If you read the foodie press, you can’t help but have heard about Paleo and other faddy no-carb diets. I don’t really do fads but I do love this versatile creamy cauliflower mash as an alternative to mashed potato either on its own or used as a pie topping (I’ve also included some bonus recipes if you happen to have any leftovers). I’ve made it quite a few times now and had lots of requests for the recipe, even children love it, so here goes….
You will need…
- 2 medium sized cauliflowers
- 150ml double cream or crème fraiche
- 20g butter
- 1tbsp grated Parmesan
- 20g grated cheddar
- 1tbsp Dijon mustard
- Salt and ground white pepper
- Optional: chopped chives or parsley
- Cut the cauliflower into equal sized florets, wash them thoroughly and place them in a large saucepan on a steamer basket. Add water to the base of the pan (just below the line of the steamer), cover, bring to the boil and steam for 10 to 12 minutes until cooked – check with the point of a knife. Be careful not to overcook it or it will collapse, go grey in colour and smell a bit sulphurous.

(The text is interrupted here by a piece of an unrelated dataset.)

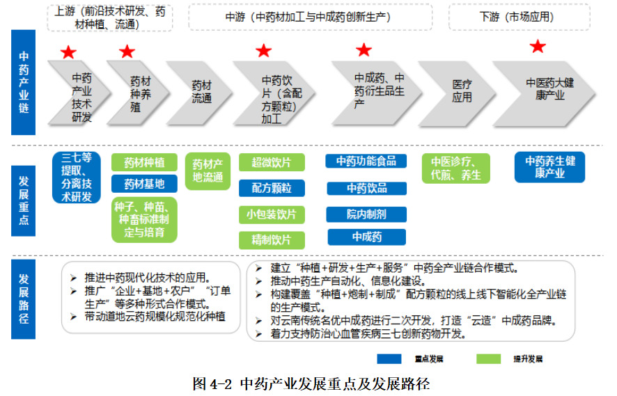 三是促進產學研用深度融合。鼓勵省內龍頭企業(yè)聯(lián)合高校、科研院所建設省級中醫(yī)藥制造業(yè)創(chuàng)新中心,對接與加入國家或云南省產業(yè)技術創(chuàng)新聯(lián)盟。聚焦產業(yè)鏈、供應鏈關鍵“卡點”,打通創(chuàng)新銜接的綠色通道,形成基礎研究、應用研究和成果轉化貫通發(fā)展的創(chuàng)新生態(tài)。積極參與重大創(chuàng)新項目研究、重點實驗室建設、技術標準制定、產業(yè)技術路線圖編制、專利共享和成果轉化推廣。

- Once cooked, drain off the steaming water and allow the cauliflower florets to stand uncovered for a few minutes to allow the final drops of steam to disappear. The cauliflower needs to be dry so that it will mash without going watery.
- Remove the steamer basket and mash the cauliflower coarsely. Now add the cream, cheese, mustard and butter. Mash again and cream the ingredients together. I like this to retain the slightly coarse texture of the cauliflower but you could puree the mixture using a stick blender if you want it to be really smooth. It may need a little extra cream.

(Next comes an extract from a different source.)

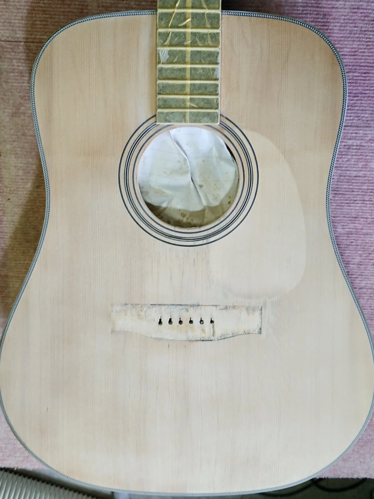 ブリッジを元通りに接着し、ペグやピックガードを取り付けます。

- Season with a little salt and pepper. Add a little more mustard and cheese if you prefer the flavour to be stronger – it depends on how much cauliflower you have.

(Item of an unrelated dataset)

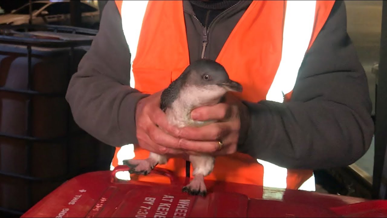 ▼當地保育部的工作人員趕到壽司店,將這2個執著的小傢伙抓拿歸案。他們表示會為小藍企鵝找一個適合築巢的地方,但回到先前可能築巢的地點築巢,是企鵝的天性,所以他們已經做好準備,很可能再次接到Long Lin的電話通報。

- Stir in the chives or parsley if you want to add a little extra colour and flavour.
Bonus recipe: Cauliflower Cakes
If you have any mash left over, it’s very versatile. I’ve made delicious Cauliflower Cakes by adding an egg to bind the mash, formed small patties with a tablespoon or two of the mix (you could add a little finely chopped spring onion as well), roll in a little flour or breadcrumbs and fry until crisp. Serve with grilled bacon and a poached or fried egg – delicious!
Bonus recipe: Ham and Leek Cauliflower Gratin
Sauté a chopped leek in a pan with some butter, mix with the cauliflower mash and chopped ham to warm it through. Add a dash more cream if it looks too dry. Add to a buttered baking dish and scatter with breadcrumbs mixed with a little Parmesan and bake for 15 minutes or so until the crust is golden.